Population (2025-01-01)
- • Total: 17,129
- • Density: 28.084/km^{2} (72.737/sq mi)
- Demonyms: ejeano (m), ejeana (f)
- Postal code: 50600
- Website: www.ejea.es

= Ejea de los Caballeros =

Ejea de los Caballeros (/es/; Exeya d'os Caballers), commonly known simply as Ejea, is a town and municipality in the province of Zaragoza, part of the autonomous community of Aragon, Spain. It is one of the five main towns in the Comarca de las Cinco Villas (lit. 'Shire of the Five Villages'), along with Sos del Rey Católico, Uncastillo, Sádaba, and Tauste.

The town became part of the medieval Kingdom of Aragon in 1105 during the Spanish Reconquista, as Muslim rule in the region was receding.

==Main sights==
The town retains many medieval buildings, including:
- The Romanesque church of Santa María de la Corona. It was renewed in 1649–1650.
- The church of San Salvador, of the Romanesque-Gothic transition style. It has a 16th-century portal with Romanesque sculptures.
- The church of our Lady the Virgin of the Olive (Nuestra Señora la Virgen de la Oliva), renovated in 1765 over a pre-existing medieval building.

==Villages==
The municipality of Ejea de los Caballeros comprises nine different centres of population:
- Ejea de los Caballeros
- Bardenas
- El Bayo
- El Sabinar
- Farasdués
- Pinsoro
- Rivas
- Santa Anastasia
- Valareña

Rivas and Farasdués are two historic villages that have been dependencies of Ejea for decades.

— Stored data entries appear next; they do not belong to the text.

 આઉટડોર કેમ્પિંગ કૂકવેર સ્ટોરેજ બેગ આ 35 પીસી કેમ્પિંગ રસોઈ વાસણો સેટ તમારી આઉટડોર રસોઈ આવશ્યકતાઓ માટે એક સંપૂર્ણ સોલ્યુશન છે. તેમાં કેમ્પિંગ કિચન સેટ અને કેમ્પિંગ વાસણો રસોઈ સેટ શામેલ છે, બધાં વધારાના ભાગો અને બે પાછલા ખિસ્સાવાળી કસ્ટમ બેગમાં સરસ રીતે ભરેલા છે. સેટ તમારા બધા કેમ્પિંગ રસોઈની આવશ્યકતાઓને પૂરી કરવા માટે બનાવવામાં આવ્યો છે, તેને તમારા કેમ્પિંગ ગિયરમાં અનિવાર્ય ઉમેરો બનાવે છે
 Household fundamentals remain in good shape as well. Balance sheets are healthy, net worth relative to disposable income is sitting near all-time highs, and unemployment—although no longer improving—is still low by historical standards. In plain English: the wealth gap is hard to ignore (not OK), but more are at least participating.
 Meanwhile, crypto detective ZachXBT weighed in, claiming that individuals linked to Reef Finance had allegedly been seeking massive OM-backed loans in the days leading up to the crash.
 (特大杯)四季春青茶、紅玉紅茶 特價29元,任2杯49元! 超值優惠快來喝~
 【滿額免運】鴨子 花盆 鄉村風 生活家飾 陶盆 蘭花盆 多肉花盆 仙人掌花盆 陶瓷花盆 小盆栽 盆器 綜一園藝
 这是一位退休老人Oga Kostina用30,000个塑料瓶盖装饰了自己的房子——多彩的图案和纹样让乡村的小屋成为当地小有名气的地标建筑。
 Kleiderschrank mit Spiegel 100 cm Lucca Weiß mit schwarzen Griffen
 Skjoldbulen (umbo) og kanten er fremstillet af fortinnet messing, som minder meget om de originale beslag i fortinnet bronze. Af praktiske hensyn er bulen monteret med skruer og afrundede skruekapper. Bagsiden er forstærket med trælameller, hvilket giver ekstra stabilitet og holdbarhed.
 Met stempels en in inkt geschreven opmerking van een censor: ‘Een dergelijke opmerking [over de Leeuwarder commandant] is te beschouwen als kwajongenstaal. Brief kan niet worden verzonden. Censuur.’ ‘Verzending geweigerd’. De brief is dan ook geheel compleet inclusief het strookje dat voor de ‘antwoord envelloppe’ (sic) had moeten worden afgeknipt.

The other six centres were built in the 1950s and 1960s in order to settle inhabitants and farmers to grow irrigation crops, following the construction of the Yesa Reservoir and Bardenas irrigation channel that brought water to these villages, among others (Sádaba, Tauste, and others).

==Culture==
The main local festival honours the Virgin of the Olive, the local saint. In June, there is also a medieval celebration for the patron saint, Saint John the Baptist.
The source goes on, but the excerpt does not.